Every query supports collect() for a Polars DataFrame, lazy() for additional lazy Polars transformations, and sink_parquet() for a direct DuckDB-to-Parquet export that does not materialize the result in Python:

query = db.genome("GCF_000001").profiles()

query.sink_parquet("GCF_000001.profiles.parquet")
filtered = query.lazy().filter(pl.col("sample_id").is_in(selected_samples))

Controlling concurrency and execution

sync-profile and profile-sra accept --workflow-config with a TOML or JSON file. This separates the number of samples allowed in flight from the concurrency and CPU allocation of each stage. For example, downloads can remain highly parallel while only one Bowtie index build and two alignments run at once:

metatrawl sync-profile \
  --db metatrawl.duckdb \
  --cache-dir cache \
  --scratch-dir scratch \
  --output-dir outputs \
  --sylph-db /path/to/gtdb.syldb \
  --workflow-config examples/workflow.toml

Each stage supports workers, threads, execution = "local" | "slurm", and an optional environment table. Slurm stages also accept time, memory_gb, partition, account, and arbitrary extra sbatch options. MetaTrawl submits Slurm jobs with sbatch --wait; checkpointing, output publication, and scratch cleanup therefore happen only after the job completes.

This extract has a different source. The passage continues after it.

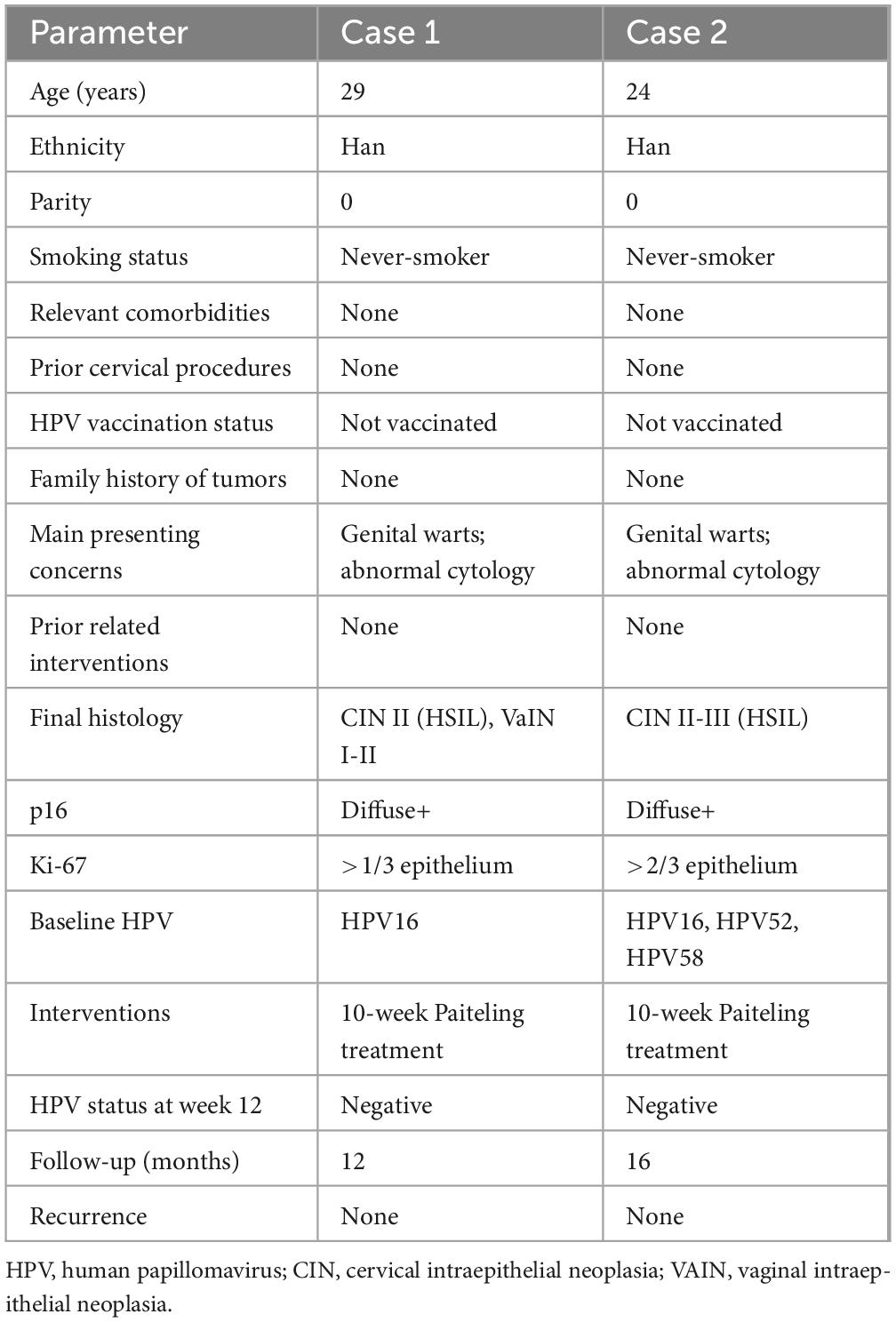 Non-surgical strategies—including photodynamic therapy, immunomodulatory agents, and Traditional Chinese Medicine (TCM)—are attracting interest for their potential to avoid cervical tissue loss (10, 16–18). Among TCM approaches, external therapies such as fumigation, rubbing, and soaking with plant-derived preparations have been reported to achieve local viral clearance without the tissue damage associated with surgery (16, 17). Paiteling, a pure TCM formulation, has shown encouraging results in treating HPV infection and condyloma acuminatum (17, 19–21), yet its role in managing high-grade CIN remains unexplored. Here, we present a retrospective review of two cases of reproductive-age women with biopsy-confirmed HSIL and concomitant vaginal and cervical condyloma acuminatum, successfully managed with topical Paiteling.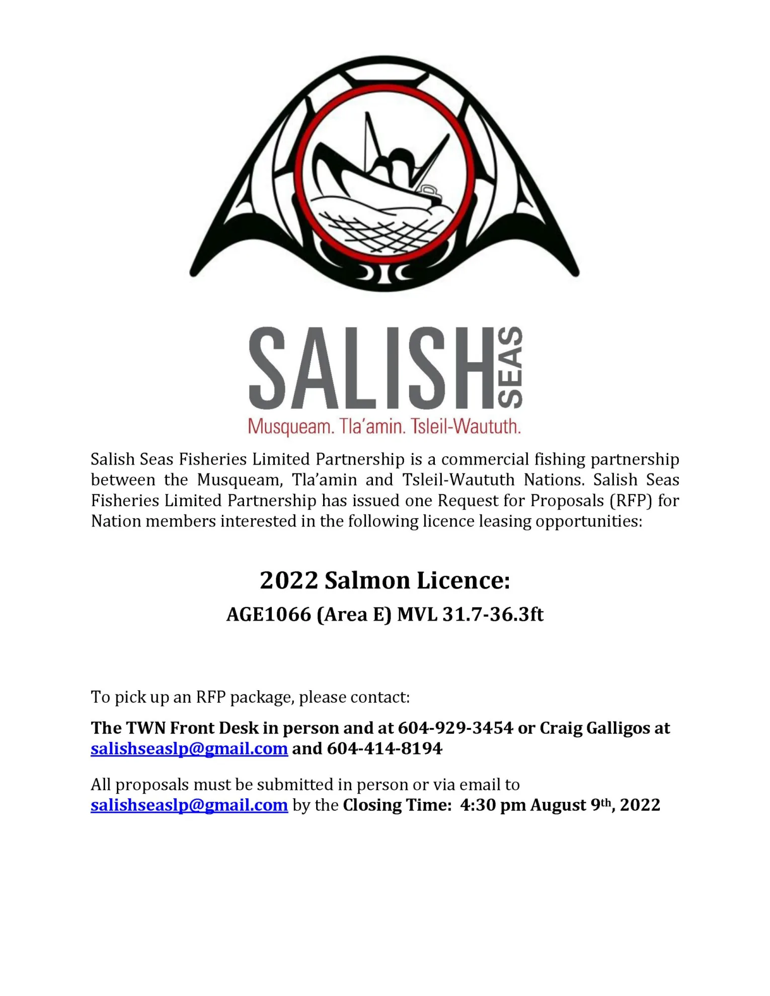 Salish Seas Fisheries Limited Partnership is a commercial fishing partnership between the Musqueam, Tla’amin and Tsleil-Waututh Nations. Salish Seas Fisheries Limited Partnership has issued one Request for Proposals (RFP) for Nation members interested in the following licence leasing opportunities:

The configurable stages are sra_download, sylph, genome_download, prodigal, prepare_profile, bowtie_build, alignment, and profile. Without --workflow-config, --threads retains the previous behavior.

The same file can provide ZipStrain matrix comparison queue and executor controls under [matrix_compare], and can be passed to matrix compare or matrix sync-compare.

Current ZipStrain profiling receives both reference.fasta and profiling_contract.json. This preserves the reference-aware profile fields and enables ref_ani in imported genome and gene statistics.